DIRECTIONS FOR THIS TASK -
Given these entries, repeat exactly the lines starting with the one that has "可爱情侣马克杯创意陶瓷杯少女心卡通水杯子家用牛奶早餐杯批发" and going on through the one that has "Viimsi Vallavalitsus koos", both included, but none of the pictures.

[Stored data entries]
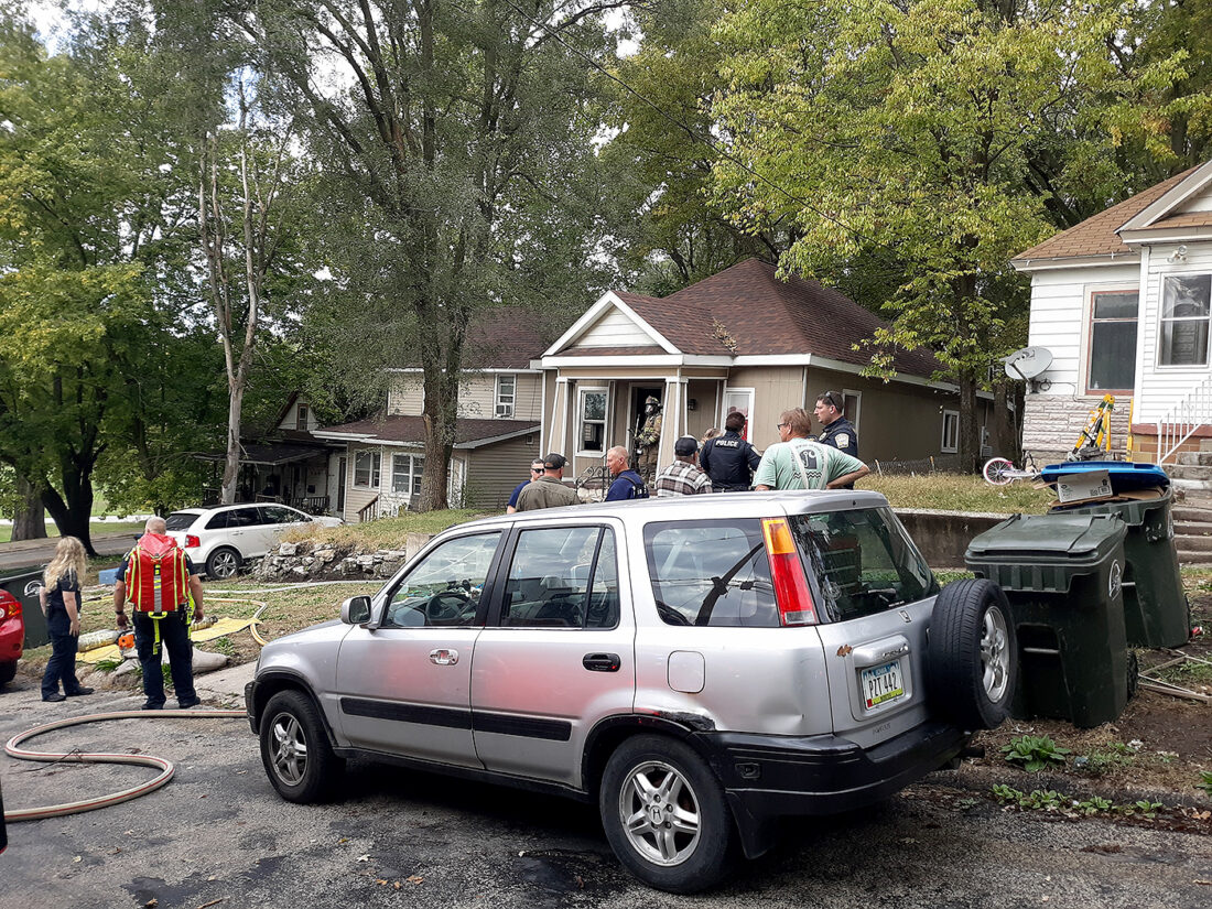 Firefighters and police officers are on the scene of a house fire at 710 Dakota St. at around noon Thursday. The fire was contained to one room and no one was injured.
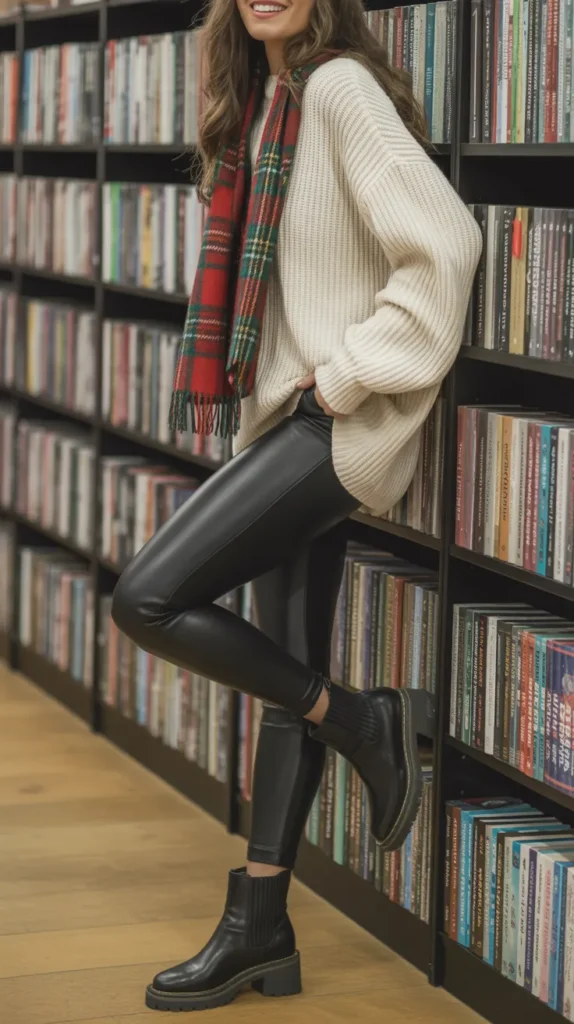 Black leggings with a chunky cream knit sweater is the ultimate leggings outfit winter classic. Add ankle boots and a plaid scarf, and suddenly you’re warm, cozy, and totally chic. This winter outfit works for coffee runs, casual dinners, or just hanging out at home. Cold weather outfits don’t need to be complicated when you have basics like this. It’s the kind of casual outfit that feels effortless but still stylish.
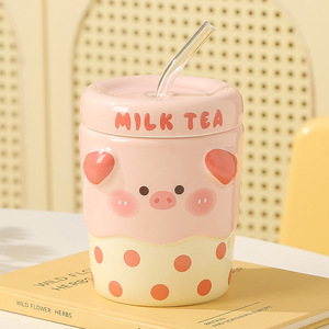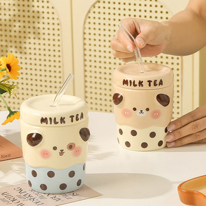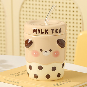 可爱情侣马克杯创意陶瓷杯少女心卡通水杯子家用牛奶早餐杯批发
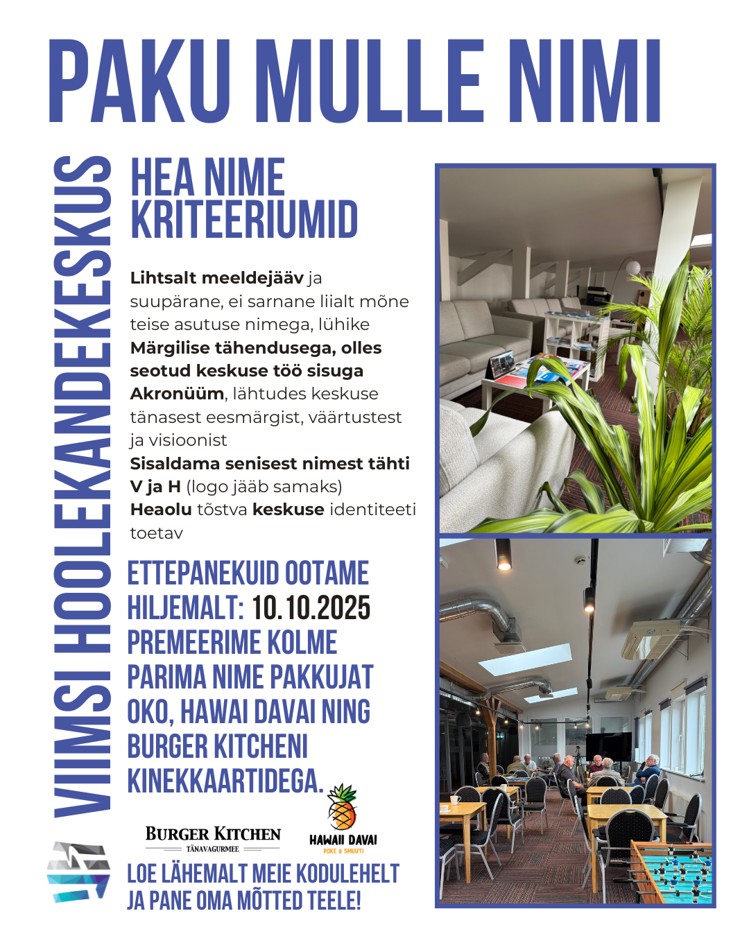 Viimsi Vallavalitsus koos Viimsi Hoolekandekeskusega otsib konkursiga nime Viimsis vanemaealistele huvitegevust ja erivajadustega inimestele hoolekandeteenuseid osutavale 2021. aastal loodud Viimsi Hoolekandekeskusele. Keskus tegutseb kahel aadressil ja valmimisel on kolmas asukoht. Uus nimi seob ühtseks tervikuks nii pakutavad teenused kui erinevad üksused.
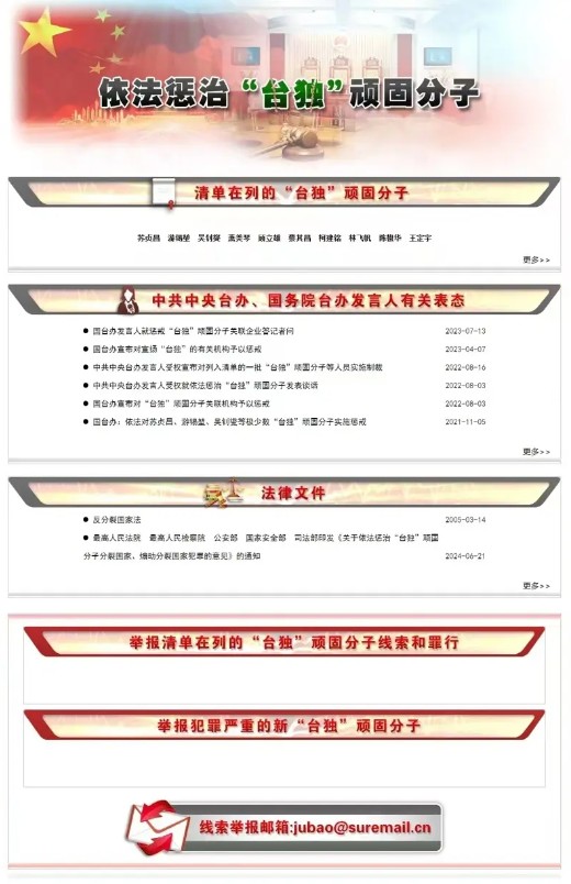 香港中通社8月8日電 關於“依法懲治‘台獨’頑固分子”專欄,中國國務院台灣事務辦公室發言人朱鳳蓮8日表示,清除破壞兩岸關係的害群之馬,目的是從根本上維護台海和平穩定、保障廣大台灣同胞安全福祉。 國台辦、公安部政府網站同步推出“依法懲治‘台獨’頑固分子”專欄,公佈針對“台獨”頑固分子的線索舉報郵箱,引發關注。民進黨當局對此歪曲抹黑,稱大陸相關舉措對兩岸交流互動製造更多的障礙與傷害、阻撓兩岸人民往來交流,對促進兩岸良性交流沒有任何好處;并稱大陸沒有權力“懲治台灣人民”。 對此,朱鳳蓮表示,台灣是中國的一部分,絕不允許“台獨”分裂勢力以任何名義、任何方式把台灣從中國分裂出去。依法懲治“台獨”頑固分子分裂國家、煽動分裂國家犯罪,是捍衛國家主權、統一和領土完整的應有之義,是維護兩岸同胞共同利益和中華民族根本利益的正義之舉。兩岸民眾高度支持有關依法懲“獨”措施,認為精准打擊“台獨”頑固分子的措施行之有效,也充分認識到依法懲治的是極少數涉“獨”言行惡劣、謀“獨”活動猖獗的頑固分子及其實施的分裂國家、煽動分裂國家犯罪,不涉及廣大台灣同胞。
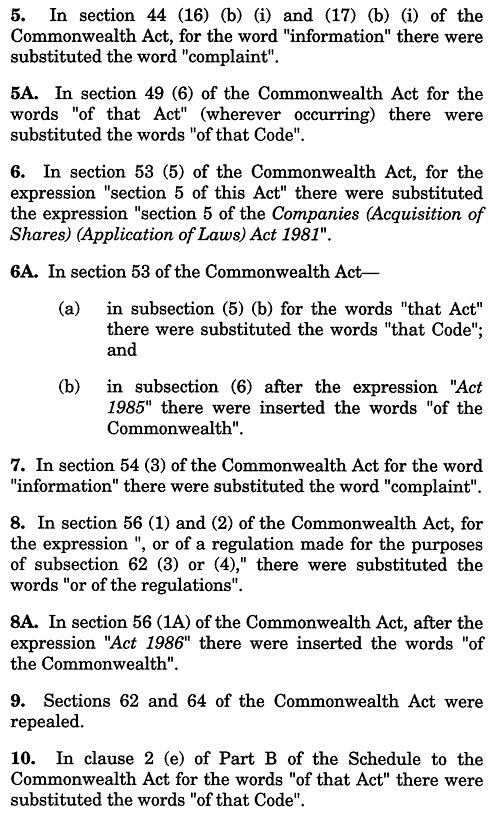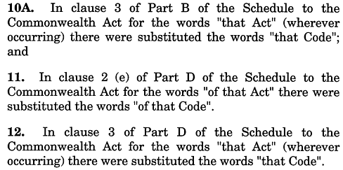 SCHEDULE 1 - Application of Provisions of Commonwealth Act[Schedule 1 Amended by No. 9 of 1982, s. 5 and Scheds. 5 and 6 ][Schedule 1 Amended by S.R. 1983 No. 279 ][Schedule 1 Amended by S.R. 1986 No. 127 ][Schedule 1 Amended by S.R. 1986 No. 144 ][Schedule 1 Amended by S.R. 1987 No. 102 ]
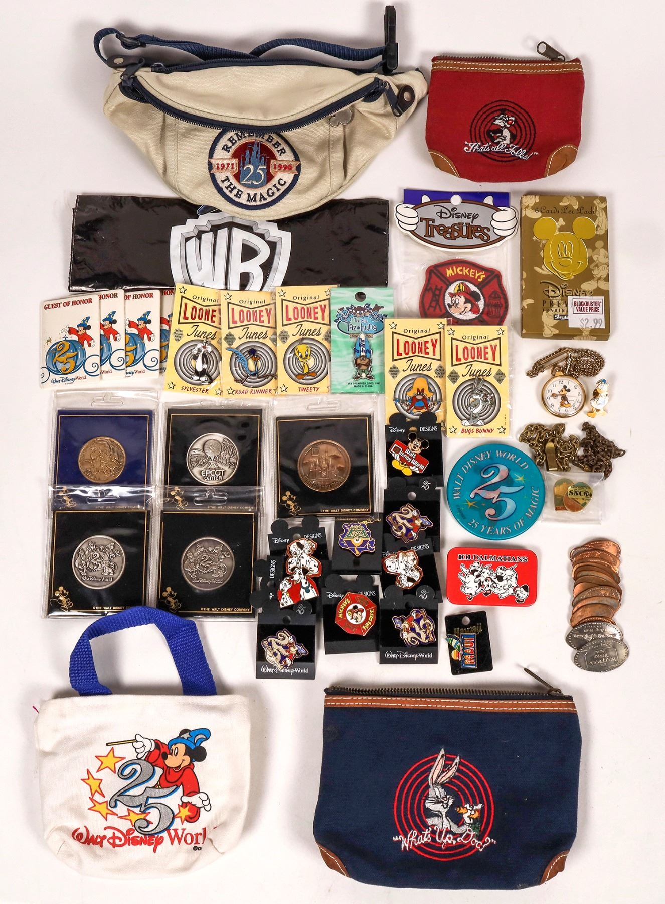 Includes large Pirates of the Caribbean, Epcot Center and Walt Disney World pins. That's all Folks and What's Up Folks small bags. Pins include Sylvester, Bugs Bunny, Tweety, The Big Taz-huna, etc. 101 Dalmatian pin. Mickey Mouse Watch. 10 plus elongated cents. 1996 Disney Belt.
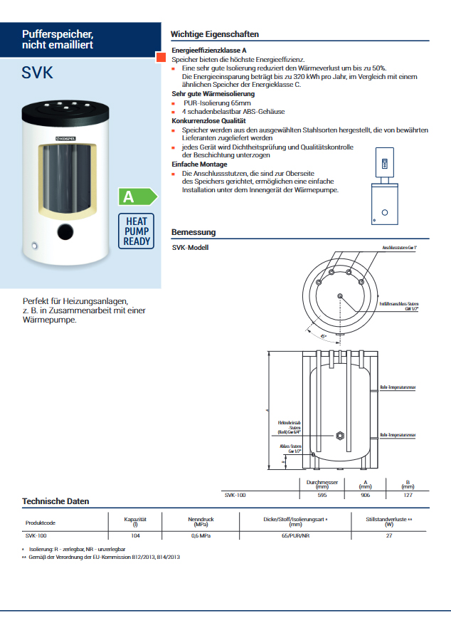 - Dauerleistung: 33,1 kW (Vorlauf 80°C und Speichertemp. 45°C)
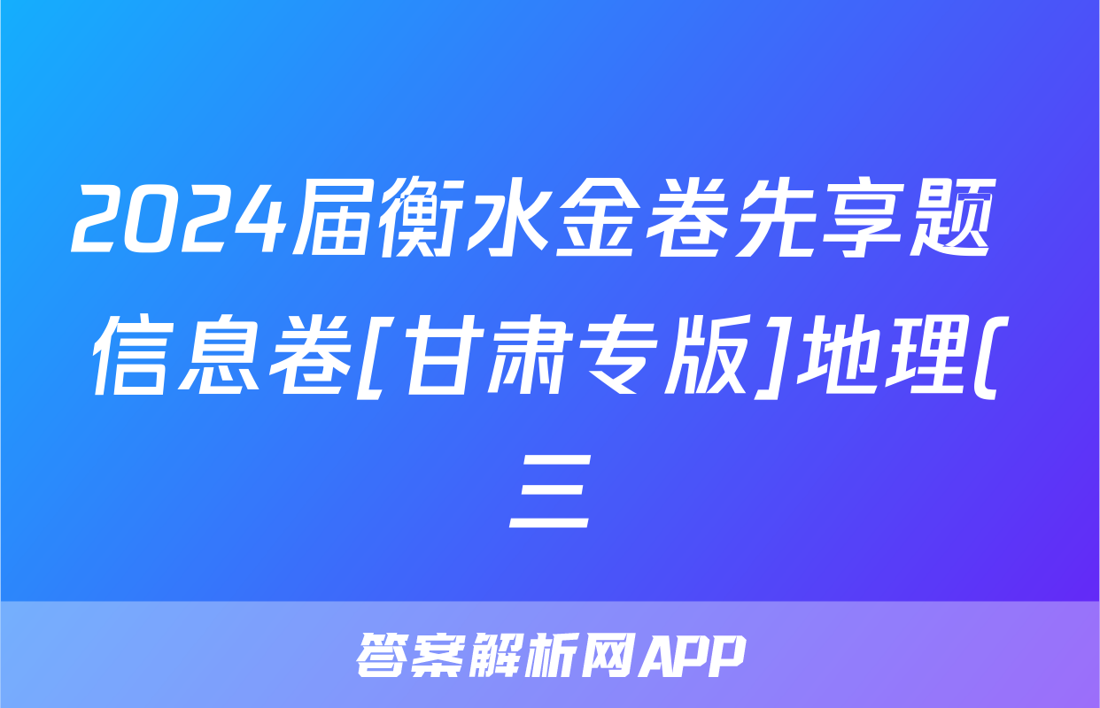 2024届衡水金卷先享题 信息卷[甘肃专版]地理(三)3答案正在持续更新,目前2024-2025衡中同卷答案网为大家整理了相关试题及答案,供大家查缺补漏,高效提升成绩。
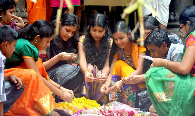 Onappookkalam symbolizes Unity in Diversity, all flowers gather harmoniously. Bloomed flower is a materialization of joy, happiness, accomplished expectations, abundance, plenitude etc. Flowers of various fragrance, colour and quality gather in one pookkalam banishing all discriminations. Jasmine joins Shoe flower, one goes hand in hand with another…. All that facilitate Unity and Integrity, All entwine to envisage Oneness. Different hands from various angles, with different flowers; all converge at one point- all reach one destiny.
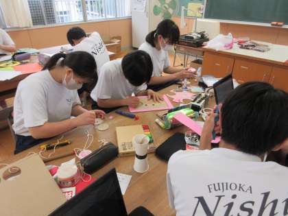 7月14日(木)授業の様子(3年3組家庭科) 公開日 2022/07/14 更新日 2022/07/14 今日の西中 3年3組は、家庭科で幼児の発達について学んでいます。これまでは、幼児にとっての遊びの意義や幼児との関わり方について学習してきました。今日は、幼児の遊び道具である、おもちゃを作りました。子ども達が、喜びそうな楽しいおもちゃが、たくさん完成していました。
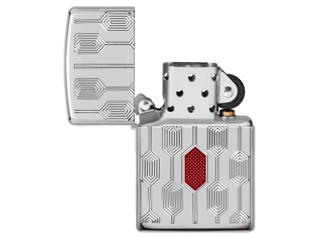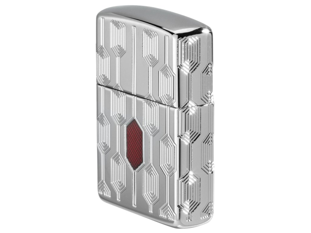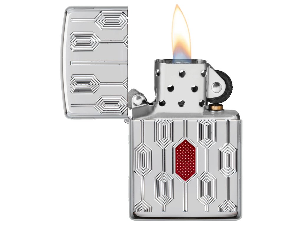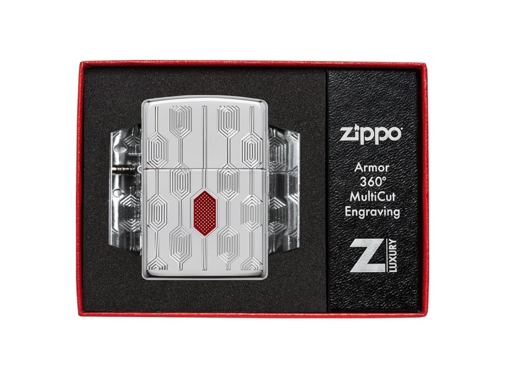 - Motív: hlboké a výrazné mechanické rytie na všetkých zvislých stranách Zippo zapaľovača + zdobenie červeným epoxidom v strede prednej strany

ANSWER TO THIS PROBLEM -
 可爱情侣马克杯创意陶瓷杯少女心卡通水杯子家用牛奶早餐杯批发
 Viimsi Vallavalitsus koos Viimsi Hoolekandekeskusega otsib konkursiga nime Viimsis vanemaealistele huvitegevust ja erivajadustega inimestele hoolekandeteenuseid osutavale 2021. aastal loodud Viimsi Hoolekandekeskusele. Keskus tegutseb kahel aadressil ja valmimisel on kolmas asukoht. Uus nimi seob ühtseks tervikuks nii pakutavad teenused kui erinevad üksused.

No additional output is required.